A unique and very interesting feature of the Nintendo Gamecube is the indirect texture unit. It is capable of modifying/generating texture coordinates per pixel and therefore allows for a wide variation of effects. Rippled decals, heat effects and shockwaves are common uses. When it is used together with grabbing the frame buffer, the results are impressive. Figure 20 illustrates the control flow when rendering shockwaves. The problem here is that texture coordinates for the shockwave geometry needs to be computed. One more time, the dual transform feature of the texturing hardware helps. The model coordinates are transformed into eye space and then projected onto the screen using the same matrix as loaded with GXSetProjection(); . The output is rendered back into the frame buffer.
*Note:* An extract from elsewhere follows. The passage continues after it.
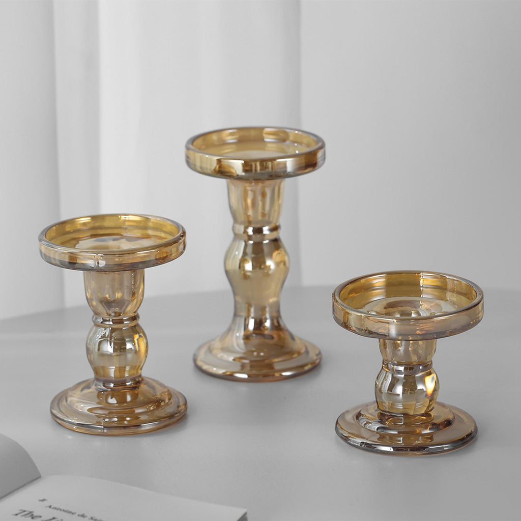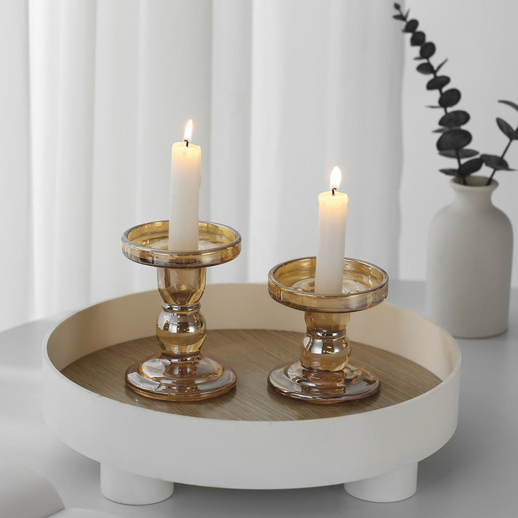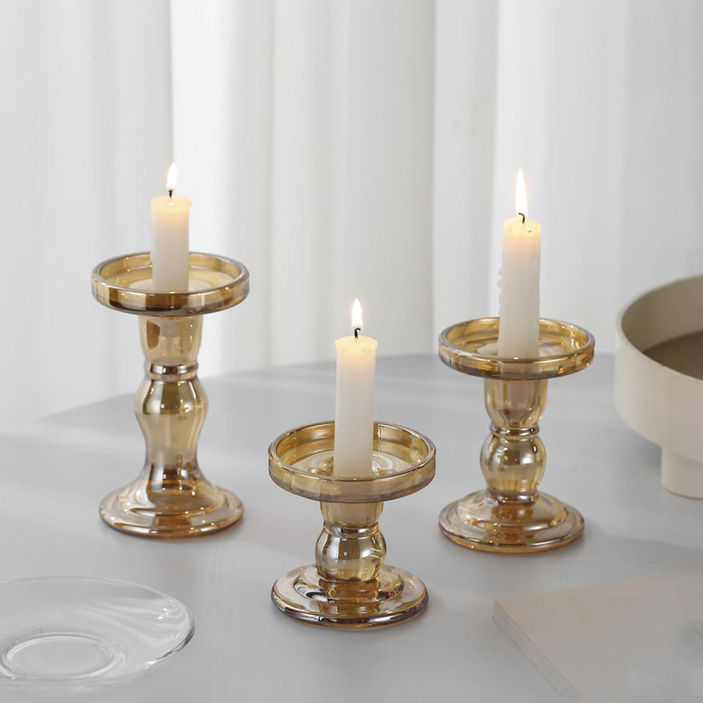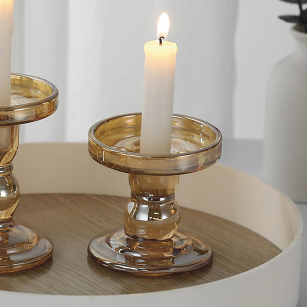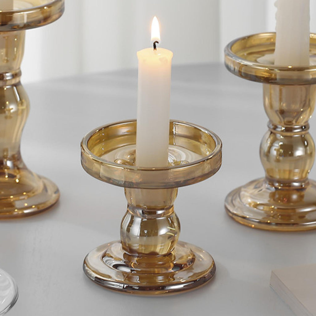 Glass Candle Holder Candlestick Candelabra for Living Room Party Holiday 8cmx8.5cm

The point of grabbing the frame buffer must be determined carefully since it can not be truly the very last thing since this would affect all overlays and score displays as well.
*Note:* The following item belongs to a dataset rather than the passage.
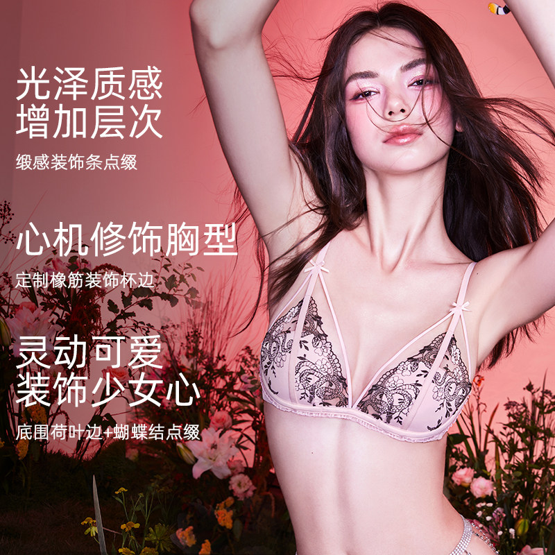 安莉芳玫瑰兔耳朵内衣女性感超薄透气软支撑大胸显小纸片人文胸

Figure 20: Indirect texturing example.

Merging different shading algorithms does not come without any effort, however, the balanced architecture of the Nintendo Gamecube supports a wide variety of methods that combined together make the visual difference.
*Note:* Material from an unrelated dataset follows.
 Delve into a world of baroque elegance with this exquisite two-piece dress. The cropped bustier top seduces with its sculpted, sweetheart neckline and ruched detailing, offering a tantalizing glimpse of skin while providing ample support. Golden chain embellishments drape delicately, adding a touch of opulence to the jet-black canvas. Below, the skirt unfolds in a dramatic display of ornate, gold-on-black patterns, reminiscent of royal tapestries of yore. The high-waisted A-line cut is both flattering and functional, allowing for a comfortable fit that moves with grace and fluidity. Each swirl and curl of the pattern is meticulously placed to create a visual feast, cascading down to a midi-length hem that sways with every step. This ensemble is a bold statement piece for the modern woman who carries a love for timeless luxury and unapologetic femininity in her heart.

To summarize: Care must be taken while combining algorithms, shader should be constructed out of components or parts, and separation of global and local lights helps a great deal. Consistent lighting during runtime is a big step forward. Make all geometry lit dynamically during runtime and use color per vertex just for painting, not pre-lighting. Per pixel methods usually give better results, however, they are more expensive. Geometry and shading should be strictly separated.

Landscape Shading

The landscape in Rogue Leader is height-map based, and uniformly divided into smaller render-units called meta-tiles (c.f. figure 21). One meta-tile covers 128x128 meters, and all triangles belonging to a meta-tile must use the same shader. This restriction is enforced to simplify and improve the triangle stripping of the landscape (on the Nintendo GameCube™, as most other modern graphics pipelines, efficient triangle stripping is important to obtain high performance). When deciding the size of the meta-tiles, local lighting also has to be considered. Since the Nintendo Gamecube has a limited number of hardware lights (eight), large meta-tiles imply “fewer lights per area”. In addition, the larger the meta-tiles, the greater the chance to draw too much geometry with lighting enabled when it’s not necessary (which is not good – enabling hardware lights certainly do not come for free).

Figure 21: Landscape split up in metatiles and their LOD values.

When the landscape engine was programmed, the geometry part was implemented before the landscape shaders (c.f. figure 22). This meant that during the working phase for the landscape geometry, it was hard to see how high polygon-count was needed to make the results look sufficiently detailed and complex. As the shaders started to get in place, it became clear that the complexity of the geometry could be reduced without sacrificing the complexity in visual appearance (in the final game, a typical landscape view uses about 14k triangles). This experience shows the importance of a balance between the complexity in geometry, and the shaders applied to that geometry.

Figure 22: Geometry vs. shading.

Landscape Texturing

A texture layer is defined to be an affinely transformed repeated texture image. This implies that one texture image can give rise to several texture layers. Texture layers are applied to the landscape by vertically projecting them onto the surface; which is ok since the surface is a height-map, so any vertical line only intersects the surface once. Besides being easy to implement on both the tools and engine side, this approach is also memory efficient, since the texture coordinates do not need to be stored/loaded, but are derived directly from the position of the vertices (c.f. figure 23).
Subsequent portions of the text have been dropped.